School guard take students’ temperature at the entrance to Camden Street Elementary School.

A security guard wearing a plastic face shield takes students’ temperatures before they entered Camden Street Elementary School.

Patrick Wall/Chalkbeat

At Camden Street Elementary School, which serves about 600 students in Newark’s Central Ward, Principal Samuel Garrison said Tuesday that protocols are in place to keep students safe. He added that students benefit socially and academically when they learn face to face.

“Hands down, the best instruction our kids are going to receive is in-person instruction,” he said. “At every level, kids learn better when they’re in person.”

Several parents said they agree. 

Shawn Porter noticed that his two daughters, in kindergarten and fifth grade, seemed a little lethargic during remote learning. But on Tuesday, they were eager to get up and head to school.

“It’s not like waking them up for virtual,” he said. “They’re actually excited.”

Not everyone was as enthusiastic about returning.

After dropping off her children Tuesday, a parent who gave only her last name, Hayes, said she thought it was too soon for schools to reopen. Before break, she recalled hearing about several students and staff members getting COVID. (The district reported that two students and eight employees at Camden Street tested positive in the week before winter break.)

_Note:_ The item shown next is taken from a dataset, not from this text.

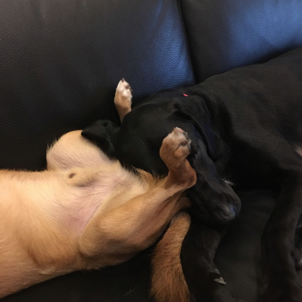 二頭は長時間のお留守番ができないので、父ちゃんが会社にいっている間は、トレーナーさん宅で預かってもらいます。

“How are you going to stop COVID from spreading?” she asked.

Another parent, JJ Rome, said he would have kept his third and fourth graders at home if that was an option.

“Until COVID is over,” he said, “I’d prefer it to be the same way it’s been: remote learning.”

After Keisha, who gave only her last initial, B, waved good-bye to her grandson Tuesday, she watched the second grader sprint to the school entrance, where guards were taking students’ temperatures before they stepped inside. Like most parents and guardians, Keisha said she was confident that the school’s employees would do everything in their power to keep her child safe.

“I’m a little apprehensive,” she said, “but I’m trusting that they’re going to treat our children just like they would treat their own.”